By Madeline Alvarez, Sports Editor
Although it was expected that Merlini Hall would reopen this fall as the university’s first pet-friendly living option, the residence hall remains closed for the 2019-2020 academic year.
Director of Residence Life Scott Mudloff said that Merlini closed this year because of the low number of on-campus students, the same reason it was initially closed for the 2018-2019 school year.
“The four [residence] buildings as a whole were sitting at about 60 to 70 percent full. If we were to have closed Merlini again, that pushed all the occupancy rates up to about 94 percent full,” Mudloff said.
He said that there was almost no interest in the pet-friendly living option.

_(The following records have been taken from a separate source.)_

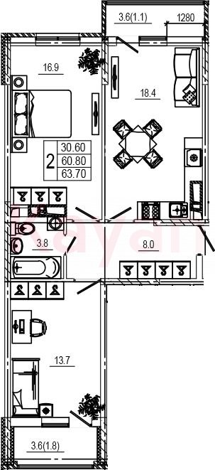 Продажа 3-комн. квартиры, 60.6 кв.м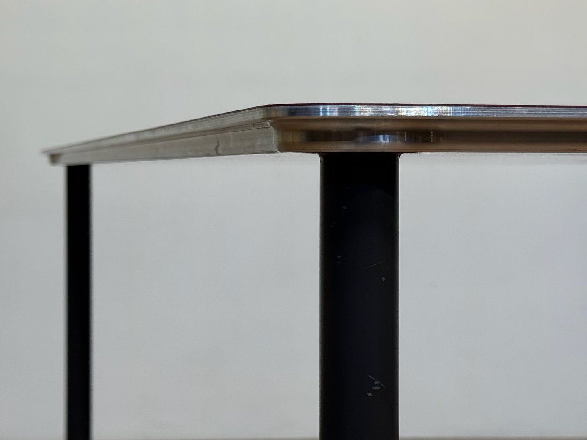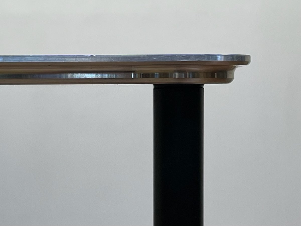 スリムさを追求した天板は、構造を支える上で必要な厚みは中央に狭めることでエッジ部をシャープに演出、エッジーなテイストにシルバーの天板サイドが美しいチャームになっています。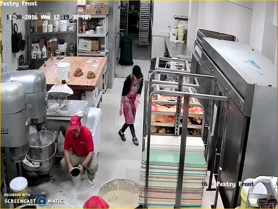 A man operates an industrial sized mixer in a bakery kitchen. When he turns it on, flour shoots out and goes all over this woman coworker. Security Camera Footage. Work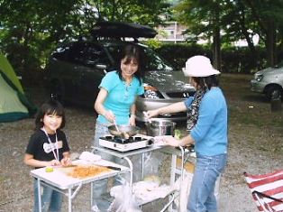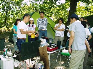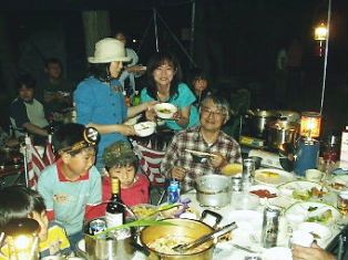 IFCCのメンバーは受講ファミリーとペアを組んでテントの立て方、キャンプ道具の使い方などをアドバイスしました。食事も一緒にメニューを考えて作りました。できあがった料理をビッグタープに持ち寄り夕食会。それぞれのファミリーが初めて野外で作った料理をお互いに楽しみました。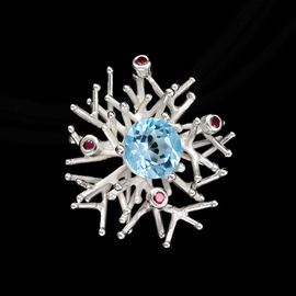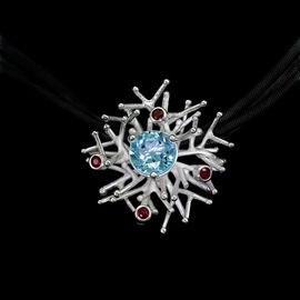 Кулон с голубым топазом Ainsi "Кораллы", на шелковом трехслойном шнурке черного цвета
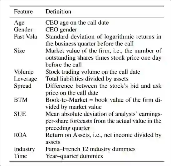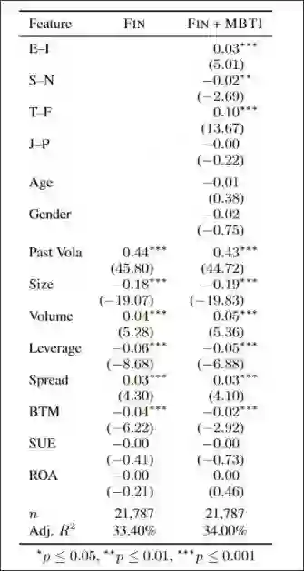 为了识别和描述 CEO的言论,研究人员使用了来自路透社Refinitiv EIKON数据集的 88000 份财报电话会议记录,并以编程方式将指定的 CEO 按年龄和性别数据进行匹配。 为了获得个性标签,研究人员使用了个性数据库,这是一个用户贡献的个性评估众包平台,提供了 32 位大公司CEO(包括乔布斯和马斯克)的足够个性数据。为了验证估计,研究人员在基于人群的 MBTI 和 Big 5 模型投票之间构建了相关矩阵,用于数据中确定的所有对应人物。结果发现,这两个模型下对评估数据的结果高度一致。研究测试了 BERT ( base )、RoBERTa ( base ) 和支持向量机 (SVM)等多个模型 ,。训练后,发现 RoBERTa 表现最好。在下图中,我们看到了模型对马斯克个性的各种估计:为了促进项目的风险回归,作者研究人员又将CEO的财报电话会议言论数据与来自 IBES、CRSP 和 Compustat Execucomp 的数据库进行了合并。为了在 CEO 发表言论后预测股价变化,研究人员结合了先前工作中的各种风险agent,还结合了年龄和性别,以评估可能带来的多重影响。下面是CEO言论——企业风险模型的指标列表及其定义。本模型中的对企业风险的评估指标

Mudloff said that there are 225 students currently living on campus, but that the four buildings together have the capacity to hold almost 400.
“Our main goal when we look at something like that is to just make sure there is a good environment in each of the buildings. So if the building’s sitting there two-thirds full, it’s not going to be as lively, it’s not going to be as vibrant…. It’s going to be kind of dead,” Mudloff said.
Jennifer Gantz, Newman’s chief financial advisor, said that, while administration was hoping that there would be enough incoming on-campus students to fill Merlini this year, there are benefits to consolidating students.
“I think the biggest is that... more people will enhance the experience,” Gantz said.
Mudloff said that, although Newman is able to keep most students who start out living on campus, the university has not seen many new students opt to live in the residence halls.
Mudloff said it gets more and more challenging to get students to live on campus because the new generation of students coming to Newman tends to want to stay at home.
Junior Mac Foley, who had signed up to live in a single occupancy room in Merlini, said that he is not upset about having to live in Beata Hall instead.
“With anything, my plans changed, and so, while I was not planning on living with four other roommates, and not planning on having to share space with other people… I understand that… you got to do what you got to do for the team….” Foley said.
Foley said that he got in touch with Mudloff when he became aware that Merlini might not be reopening and chose Beata as his second preference.
“I think it was easier on [Mudloff] because the other three people that were in my dorm last year, they all wanted to live in Beata also. So it was easier for Scott to just be like, ‘Yeah, we’ll just put you four back together and then add one more person…. ’” Foley said.
The 46 students who signed up to live in Merlini this fall but were moved to one of the three other halls received the same rate they would have had if they had been able to live in Merlini.
Mudloff said that, had Merlini reopened, it would have received some maintenance work, which would have included fixing water damage in the main lobby. Ultimately, however, Mudloff said, the life expectancy of Merlini Hall is coming to an end.
Gantz said that there are no immediate plans for Merlini.
“I wish that we had immediate plans to do some changes, but we [don’t], at least not in the next year or two,” Gantz said.